About this task: Every record below is to be retyped exactly, with the pictures left out.

Dataset entries:
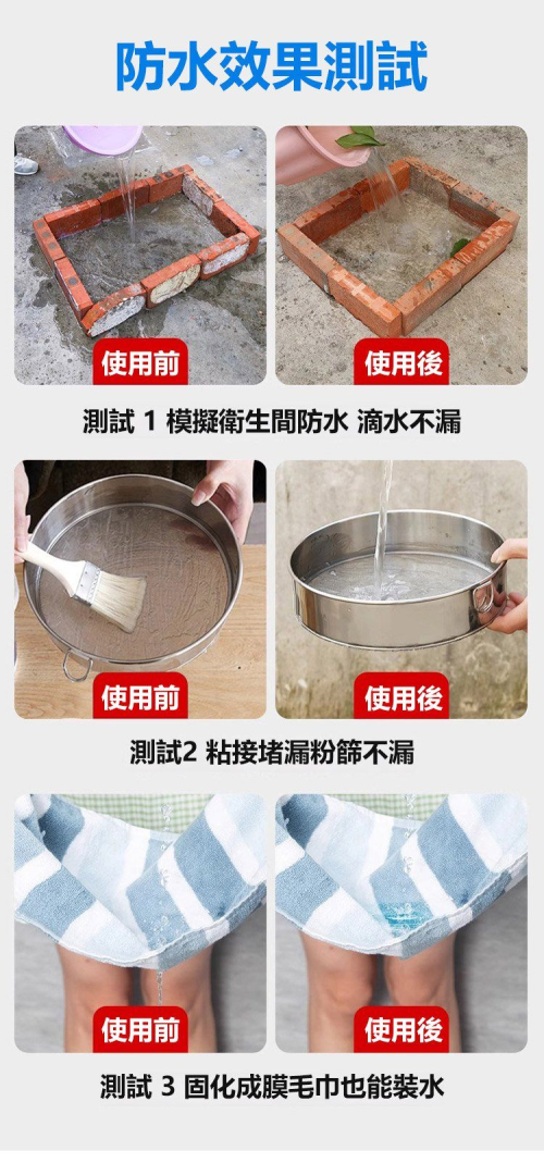 4分鐘前【廠家限時鉅惠】【一塗止漏】透明防水膠塗料300cc一桶可刷1-2坪, 外墻、陽臺、屋頂、瓷磚、屋内都可以通用 - 【一塗止漏】買二送一 3入組 NT$998
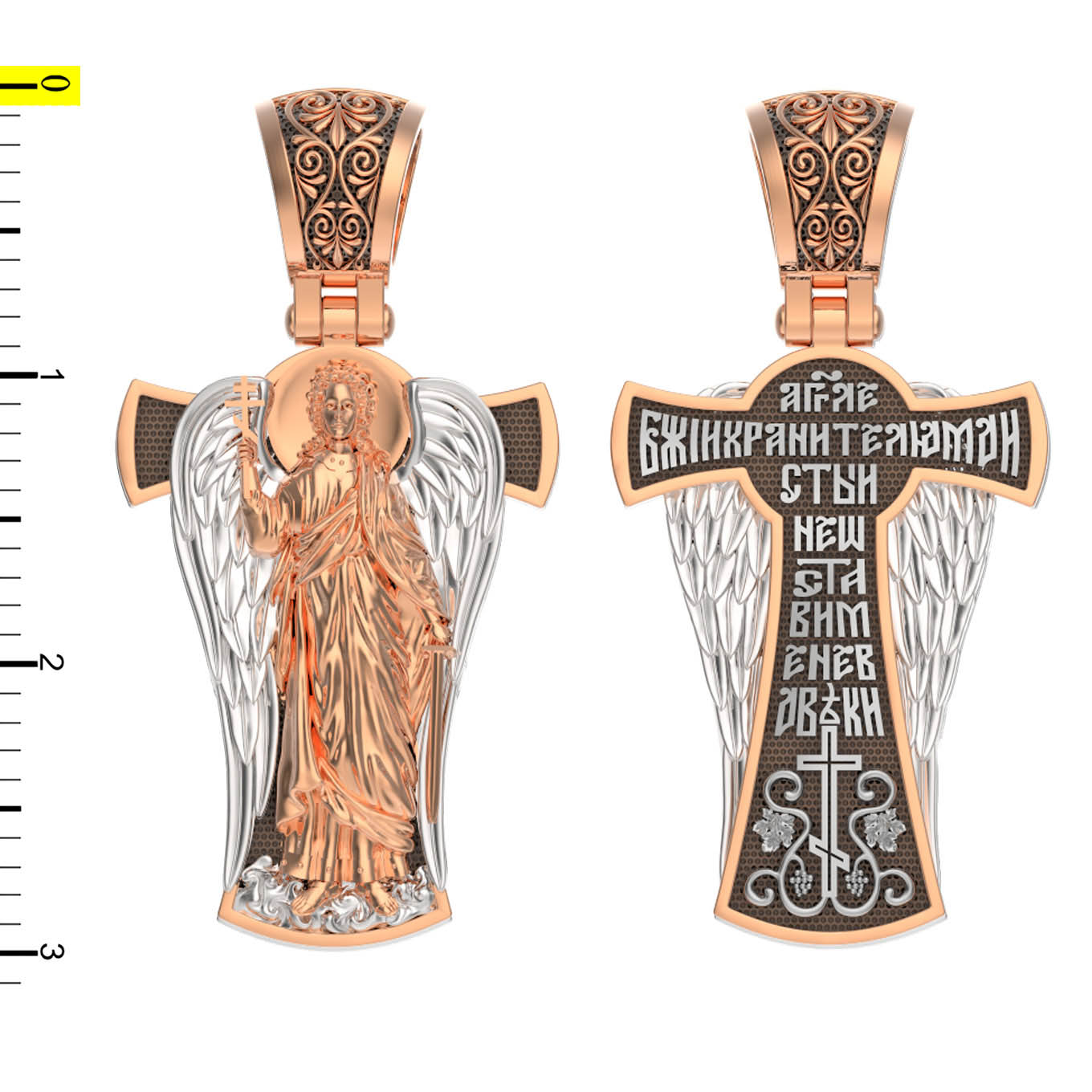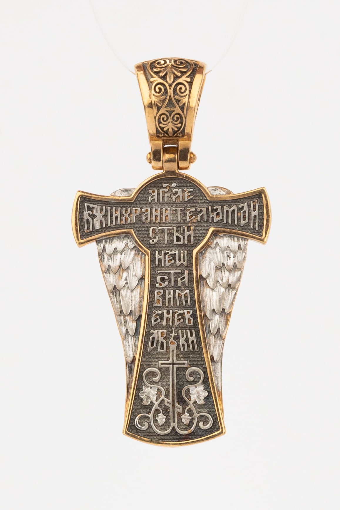 На оборотной стороне креста написана молитва: «Ангеле Божий, хранителю мой святый, не остави мене во веки».
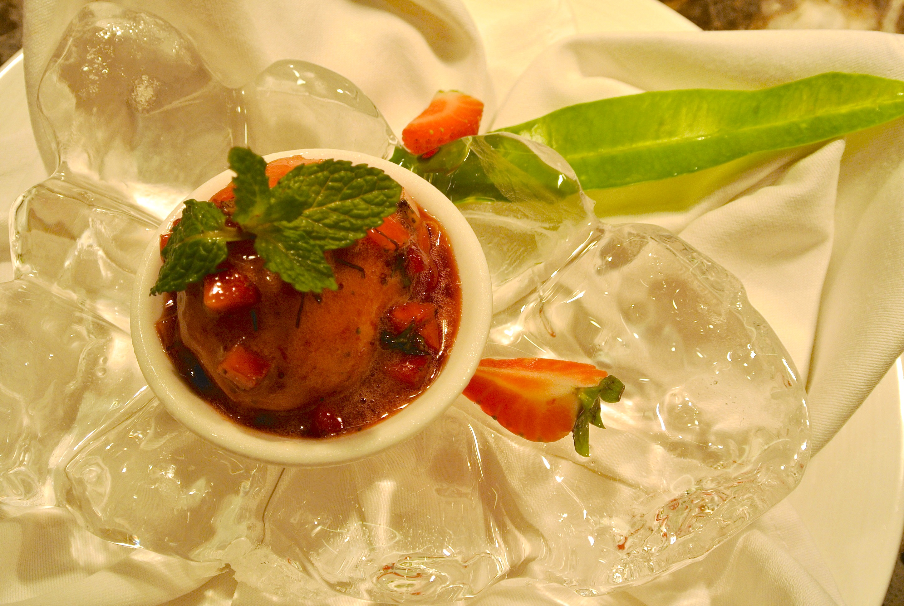 イチゴとバルサミコのソルベ ミントの葉のキャンディー
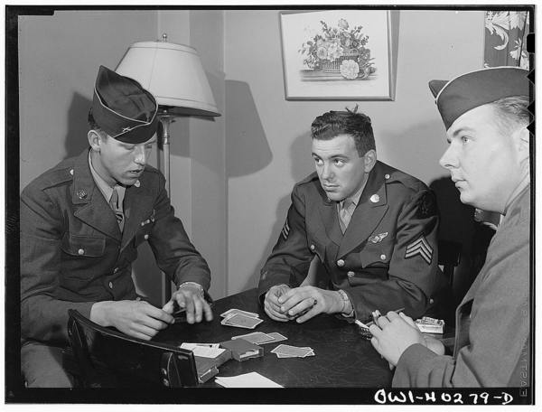 Washington, D.C. Soldiers waiting between trains playing cards in the game room at the United Nations service center
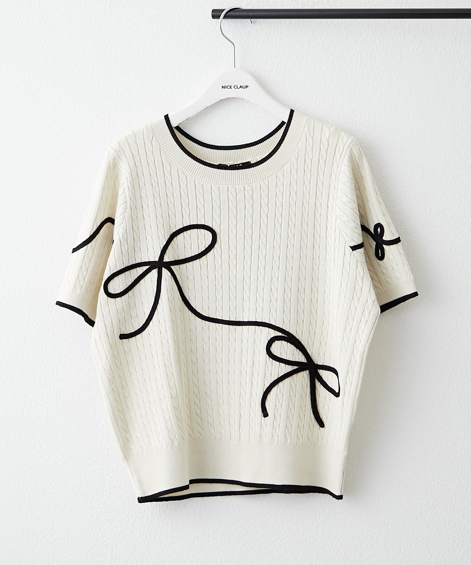 ・コード刺繡がポイントの半袖サマーニットトップス。
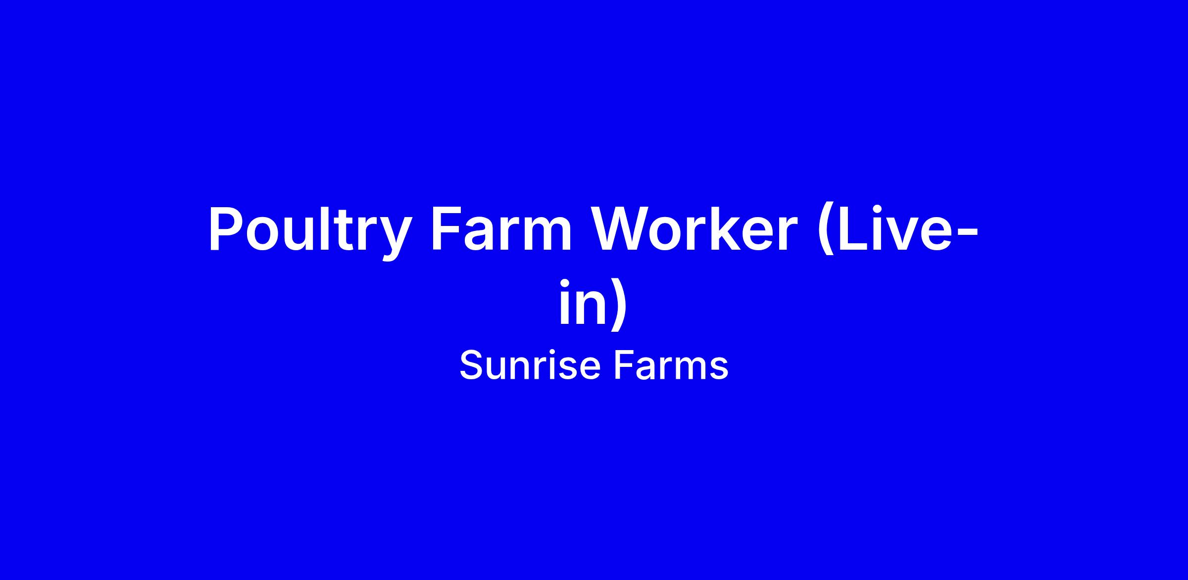 Sunrise Farms is seeking a full-time live-in Poultry Farm Worker for Abbotsford, offering comfortable housing and utilities covered. The role involves daily farm chores and caring for 70,000 to 150,000 birds depending on location, plus general yard maintenance. Ideal candidates have poultry farm experience, can work well in teams or independently, and are proficient with equipment such as Bobcats and tractors; a valid driver's license is required. Sunrise Farms values diverse applicants and offers equal opportunity; salary varies by region and experience. To apply, tailor your resume to highlight hands-on poultry and equipment experience, include references, and mention your willingness to live onsite.
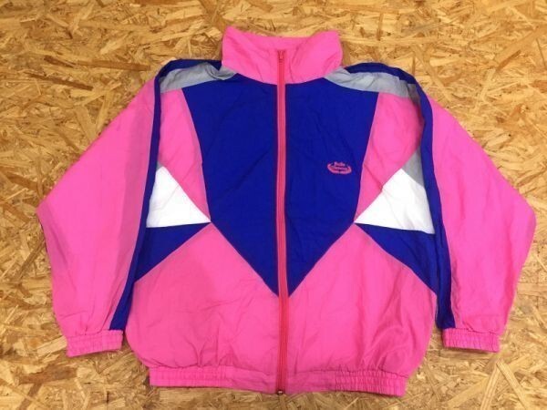 BELLE ELLENSON ベルエレンソン ブルゾン ナイロンジャケット メンズ 大胆切替 ロゴ刺繍 ハイネック オールドレトロスポーツ 古着 ピンクです。
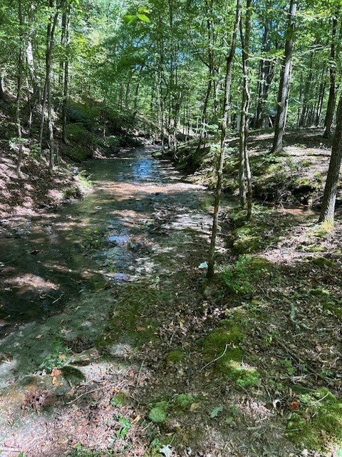 31.84 acres, clear, level to rolling at the road with a 50x38 storage building/shop, rolling and wooded in the back with several springs running to a year-round creek making a beautiful park like setting. A great place to get away with lots of privacy and many trails for hiking, ATV's or horses. Good hunting. Power and public water at the road.
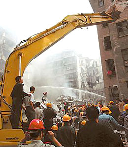 The burning building suddenly collapsed when a team of fire fighters was working inside.
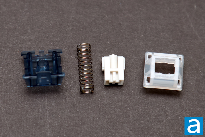 As for physical differences, the Epomaker MagneX switch has a translucent white top and clear dark blue bottom enclosure. They are both made of polycarbonate. A stem with a magnet in the bottom is made of polyoxymethylene or POM. This straddles over an 18mm spring that keeps the magnet away from the bottom until it is intentionally pressed. The switch stem has minimal lateral movement inside the enclosure, which makes the actuation feel stable and the keys have minimal wobble. The switches are also factory lubricated for a smoother typing feel and sound.

Exercise answer:
 4分鐘前【廠家限時鉅惠】【一塗止漏】透明防水膠塗料300cc一桶可刷1-2坪, 外墻、陽臺、屋頂、瓷磚、屋内都可以通用 - 【一塗止漏】買二送一 3入組 NT$998
 На оборотной стороне креста написана молитва: «Ангеле Божий, хранителю мой святый, не остави мене во веки».
 イチゴとバルサミコのソルベ ミントの葉のキャンディー
 Washington, D.C. Soldiers waiting between trains playing cards in the game room at the United Nations service center
 ・コード刺繡がポイントの半袖サマーニットトップス。
 Sunrise Farms is seeking a full-time live-in Poultry Farm Worker for Abbotsford, offering comfortable housing and utilities covered. The role involves daily farm chores and caring for 70,000 to 150,000 birds depending on location, plus general yard maintenance. Ideal candidates have poultry farm experience, can work well in teams or independently, and are proficient with equipment such as Bobcats and tractors; a valid driver's license is required. Sunrise Farms values diverse applicants and offers equal opportunity; salary varies by region and experience. To apply, tailor your resume to highlight hands-on poultry and equipment experience, include references, and mention your willingness to live onsite.
 BELLE ELLENSON ベルエレンソン ブルゾン ナイロンジャケット メンズ 大胆切替 ロゴ刺繍 ハイネック オールドレトロスポーツ 古着 ピンクです。
 31.84 acres, clear, level to rolling at the road with a 50x38 storage building/shop, rolling and wooded in the back with several springs running to a year-round creek making a beautiful park like setting. A great place to get away with lots of privacy and many trails for hiking, ATV's or horses. Good hunting. Power and public water at the road.
 The burning building suddenly collapsed when a team of fire fighters was working inside.
 As for physical differences, the Epomaker MagneX switch has a translucent white top and clear dark blue bottom enclosure. They are both made of polycarbonate. A stem with a magnet in the bottom is made of polyoxymethylene or POM. This straddles over an 18mm spring that keeps the magnet away from the bottom until it is intentionally pressed. The switch stem has minimal lateral movement inside the enclosure, which makes the actuation feel stable and the keys have minimal wobble. The switches are also factory lubricated for a smoother typing feel and sound.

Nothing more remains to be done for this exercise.